100 Mentes

De todo el mundo

John Hockenberry

Broadcast Anchor,
WNYC Radio

Brooklyn, United States

Think of it: a world without borderlines or flags and where geography no longer defines lifespan or lifestyle; a world as a blank slate.

My Dream

The seeds of the future lie in our own time. A silly thought really and yet when you’re holding a handful of seeds, unless you have just poured them from some clearly labeled seed packet, there is nothing about a seed that suggests what it might become. Okay fine, in a handful of coconuts and pecans you might find a few clues. The apple seed evokes the dream of a tree. What might it look like exactly? We can only imagine. But each seed is an invitation to dream.

I imagine this:

The earth is losing its borders, flags and other artifacts of a world defined by geography and mutual exclusion. It is gaining the advantages of identity that is both planetary and hyper-local. Under the new organization that is gradually forming the increasingly abstract and irrelevant idea of nation is being replaced by the precision of village, city and neighborhood identities organized on a planetary grid and supplemented by identities that have no geographic context and rely entirely on commonalities of interest and knowledge.

The glaring and brutal inefficiencies of the nation-state system, the growth of social connections that are not mediated by language or geography, and a growing competition for planetary resources are all creating conditions that will lead to the dissolution of the nation-state.

Think of it: a world without borderlines or flags and where geography no longer defines lifespan or lifestyle; a world as a blank slate where the strength of numbers defeats the strength of armies. People can design this blank slate world with their collective choices and by congregating around their collective aspirations. Nations of interest, nations of consensus, nations of common economic activity, of common demographic, nations nested within nations with the government structures and laws designed to make it all work. Humanity would experience liberation from localized tyrannies of culture and isolation, liberation from travel restrictions and checkpoints, liberation from rules of import and export of raw materials, services, goods and labor.

This is my dream. Following the dissolution of the Roman Empire into shards of feudal enclaves and districts, it was the innovation of the nation-state that enabled civilization to emerge from the Middle Ages. Today, nations have evolved into a burden and are a key inefficiency limiting human interaction, wealth transfer, and they are responsible for much of the brutality and violence of the past three centuries. Imagine the freedom of anyone in the world sharing an idea with anyone else in the world. Imagine the power to bring ideas to life in collaborations that can only be envisioned in a world unencumbered by nation-created barriers of place, language, and political control. We’re on our way there. A new spirit of political innovation in governing, voting; the whole idea of being a citizen is in flux.

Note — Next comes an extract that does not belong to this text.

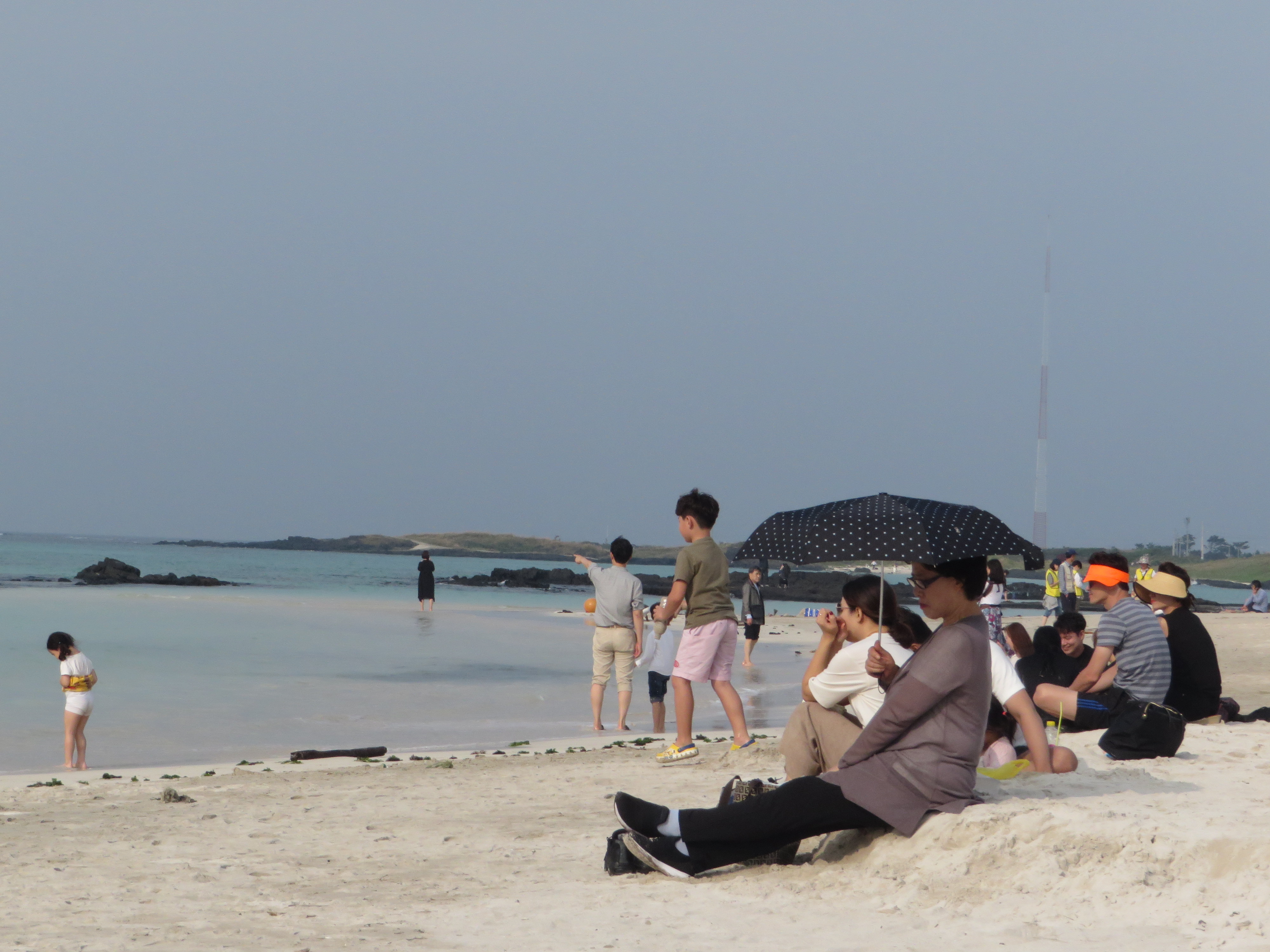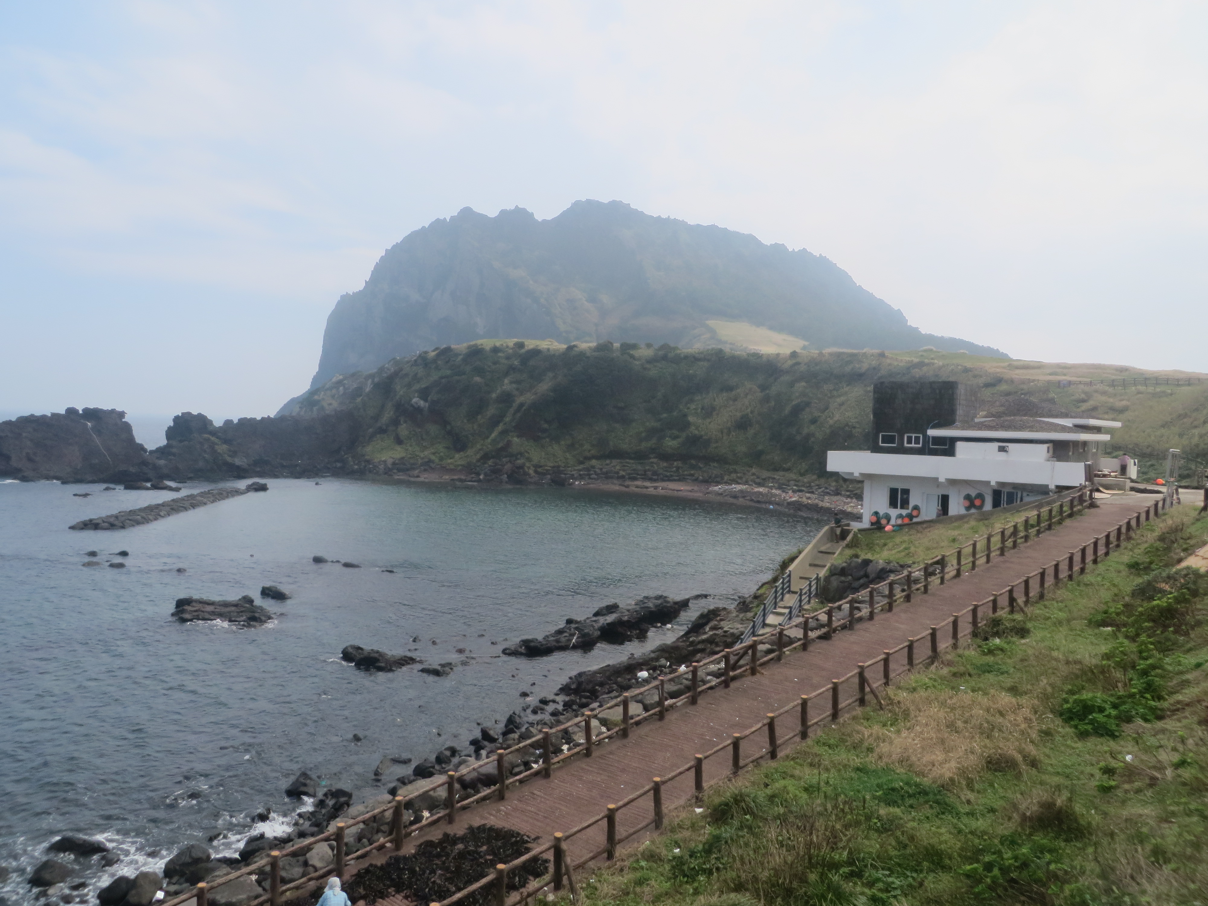 60 Vulkankegel sind über die Insel verteilt. Der Seongsan Ilchulbong ragt ins Meer hinaus und kann bestiegen werden. Die Koreaner sind begeisterte Wanderer und so zieht eine ganze Karawane den Berg hinauf.
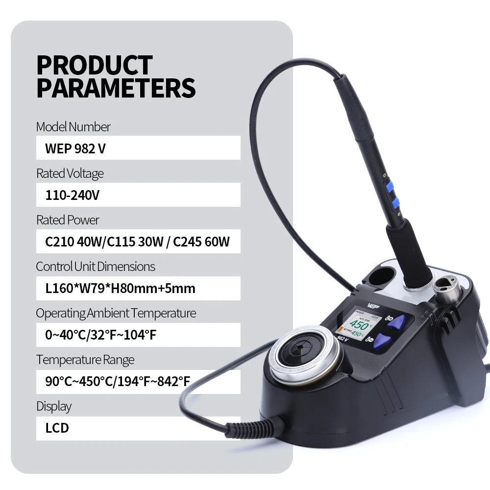 Digital Electric Soldering Iron Kit 982-V, Precision Soldering Station, C115 C210 C245 Tips, Small Rework Tool

In the future, politicians and civic leaders will spend nearly no time on elections and campaigning; instead they’ll be solving problems and settling disputes while being held accountable to the mission of maintaining the freedom and openness that this new world will demand. A freedom beyond anything ever contemplated in Jefferson, a global aggregate wealth beyond anything envisioned by economists, a richness of experience that can only be dreamed of now.

John Hockenberry Bio:

John Hockenberry is a journalist working today who fully embodies the dual imperatives of the 21st century news business. He is an experienced traditional reporter who has filed from all over the world, skilled in investigations, hard-hitting interviews, and smart, prescient analysis of fast moving events. At the same time he is a gifted writer and storyteller with a fluency in all of the exploding digital platforms for both disseminating and collecting information. He has won four Emmy awards for TV news. He collected four Peabody awards for radio journalism, wrote and performed a one man Off-Broadway show and published a memoir and novel all before leaving the faculty of the MIT Media Lab to create a groundbreaking live national morning radio program. Currently, Hockenberry is host of that program, the live national radio morning show, The Takeaway, produced by Public Radio International and WNYC New York. He is also a member of the prestigious White House Fellows Commission along with General Wesley Clark, Tom Brokaw, Harvard Law Professor Lawrence Tribe, Former Senator Tom Daschle and Ruth Simmons (President Of Brown University).

Mr. Hockenberry lives in Brooklyn New York with his writer/producer wife, Alison, and their five children.